Sunday, August 17, 2008

Wedding Bells

Well...I watched my oldest daughter get married last night. It made me cry. Fortunately, she just married her dad...and "marrying" consisted of her twirling in a circle with her dad while I sat in the "bride chair". I think this was all a re-enactment of a wedding we went to last weekend. Still, I am overwhelmed with how fast time has been moving lately. Why are these kids growing up so fast? How have four years of marriage flown by so fast? I want to slow everyone down. I'm the reflective type, and sometimes I just want to sit down and think about who we are, and whether we are living up to the people we want to be. I'm also the organized type, and if people in this house would just stop growing up for two seconds I might have a chance to put our wedding pictures in an album, or document my 3-year-olds first year.

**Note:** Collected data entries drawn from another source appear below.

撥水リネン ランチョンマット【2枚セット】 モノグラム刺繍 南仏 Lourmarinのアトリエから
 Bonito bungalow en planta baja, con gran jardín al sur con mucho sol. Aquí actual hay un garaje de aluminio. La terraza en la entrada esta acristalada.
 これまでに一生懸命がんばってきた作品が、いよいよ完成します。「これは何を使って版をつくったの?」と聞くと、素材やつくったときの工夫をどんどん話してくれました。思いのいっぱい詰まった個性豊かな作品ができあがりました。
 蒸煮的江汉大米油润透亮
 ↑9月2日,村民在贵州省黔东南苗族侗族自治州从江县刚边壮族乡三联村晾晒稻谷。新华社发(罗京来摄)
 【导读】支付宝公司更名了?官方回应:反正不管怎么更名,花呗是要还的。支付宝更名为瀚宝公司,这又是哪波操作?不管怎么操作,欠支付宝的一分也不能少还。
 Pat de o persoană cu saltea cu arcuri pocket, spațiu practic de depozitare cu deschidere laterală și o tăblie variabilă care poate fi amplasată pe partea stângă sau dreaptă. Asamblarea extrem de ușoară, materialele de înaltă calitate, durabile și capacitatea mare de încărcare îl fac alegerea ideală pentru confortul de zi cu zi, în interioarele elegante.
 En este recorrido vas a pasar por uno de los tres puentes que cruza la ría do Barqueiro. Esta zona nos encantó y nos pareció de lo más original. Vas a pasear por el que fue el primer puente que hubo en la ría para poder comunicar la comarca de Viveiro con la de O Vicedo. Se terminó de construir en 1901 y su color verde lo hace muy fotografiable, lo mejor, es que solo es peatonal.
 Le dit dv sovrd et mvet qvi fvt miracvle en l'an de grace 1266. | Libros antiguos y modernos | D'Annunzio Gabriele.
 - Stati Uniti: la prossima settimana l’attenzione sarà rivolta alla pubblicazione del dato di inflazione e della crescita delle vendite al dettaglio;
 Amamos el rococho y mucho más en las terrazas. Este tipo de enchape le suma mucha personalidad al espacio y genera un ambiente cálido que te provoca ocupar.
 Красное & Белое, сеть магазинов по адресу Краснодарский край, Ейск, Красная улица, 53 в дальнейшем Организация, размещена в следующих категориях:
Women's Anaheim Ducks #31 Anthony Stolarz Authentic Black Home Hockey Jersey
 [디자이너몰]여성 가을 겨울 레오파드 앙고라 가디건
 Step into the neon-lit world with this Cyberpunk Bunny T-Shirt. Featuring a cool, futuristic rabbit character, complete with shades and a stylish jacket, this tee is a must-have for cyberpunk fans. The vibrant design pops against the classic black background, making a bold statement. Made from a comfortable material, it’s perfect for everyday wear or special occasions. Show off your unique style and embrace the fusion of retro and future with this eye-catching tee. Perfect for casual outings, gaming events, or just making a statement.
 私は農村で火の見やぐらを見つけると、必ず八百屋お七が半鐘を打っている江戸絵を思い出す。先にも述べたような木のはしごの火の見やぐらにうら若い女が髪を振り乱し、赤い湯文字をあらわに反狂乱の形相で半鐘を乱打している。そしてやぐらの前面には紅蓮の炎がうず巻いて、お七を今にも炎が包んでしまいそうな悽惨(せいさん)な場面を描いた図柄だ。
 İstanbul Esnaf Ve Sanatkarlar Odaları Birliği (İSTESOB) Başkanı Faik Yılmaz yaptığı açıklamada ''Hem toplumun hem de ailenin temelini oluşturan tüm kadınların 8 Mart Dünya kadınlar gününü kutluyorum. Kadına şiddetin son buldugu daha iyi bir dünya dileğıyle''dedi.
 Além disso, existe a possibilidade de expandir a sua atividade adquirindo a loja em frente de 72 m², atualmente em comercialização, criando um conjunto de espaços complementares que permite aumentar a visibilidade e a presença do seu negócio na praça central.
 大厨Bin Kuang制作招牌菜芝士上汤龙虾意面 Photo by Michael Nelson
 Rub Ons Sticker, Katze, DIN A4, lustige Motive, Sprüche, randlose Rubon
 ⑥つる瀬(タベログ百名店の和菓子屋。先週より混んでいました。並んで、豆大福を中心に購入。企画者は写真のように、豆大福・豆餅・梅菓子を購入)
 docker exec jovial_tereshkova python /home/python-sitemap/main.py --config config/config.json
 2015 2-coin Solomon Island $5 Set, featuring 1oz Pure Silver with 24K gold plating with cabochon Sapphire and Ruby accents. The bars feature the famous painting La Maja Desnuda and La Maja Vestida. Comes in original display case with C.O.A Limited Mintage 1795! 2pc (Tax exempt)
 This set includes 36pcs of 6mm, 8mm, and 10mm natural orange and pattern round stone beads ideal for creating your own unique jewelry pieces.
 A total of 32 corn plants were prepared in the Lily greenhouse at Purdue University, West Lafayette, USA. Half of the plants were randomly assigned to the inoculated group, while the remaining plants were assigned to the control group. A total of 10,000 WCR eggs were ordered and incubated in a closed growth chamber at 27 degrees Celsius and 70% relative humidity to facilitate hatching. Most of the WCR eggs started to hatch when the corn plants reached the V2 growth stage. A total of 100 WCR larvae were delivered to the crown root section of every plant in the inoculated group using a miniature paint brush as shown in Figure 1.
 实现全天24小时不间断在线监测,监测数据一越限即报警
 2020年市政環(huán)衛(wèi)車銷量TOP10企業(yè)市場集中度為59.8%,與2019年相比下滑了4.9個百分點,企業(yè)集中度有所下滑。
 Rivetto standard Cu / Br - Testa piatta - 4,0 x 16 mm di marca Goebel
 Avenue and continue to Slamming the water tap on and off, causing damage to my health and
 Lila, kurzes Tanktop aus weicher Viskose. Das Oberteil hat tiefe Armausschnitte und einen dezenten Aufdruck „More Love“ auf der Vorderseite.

But, the days are passing like minutes right now, each one like a popsicle melting in the heat. So far, I haven't had much success in slowing down my melting days. Since sitting around and savoring every bite doesn't seem to be a choice at the moment, I guess I will just have to gobble them up as quickly as I can so I am sure to enjoy every last bite. And while I would love to alphabatize spices, lose some baby weight, make photo albums, and get to know my neighbors, when push comes to shove, I just want to sit in my living room watching my little girl grow up because that is one thing that simply can't be done later.

2 comments:

Rach said...

I love the melting popsicle analogy, very fitting. This entry made me miss you even more! Can you guys just move here?

Kayla said...

I've been starting to feel the same way with Codi! My baby really isn't one anymore. Just a reminder that we really need to live in the present and savor every moment.

By the way, I love reading your blog. You have got the best "voice" and are inspiring me to start one of my own!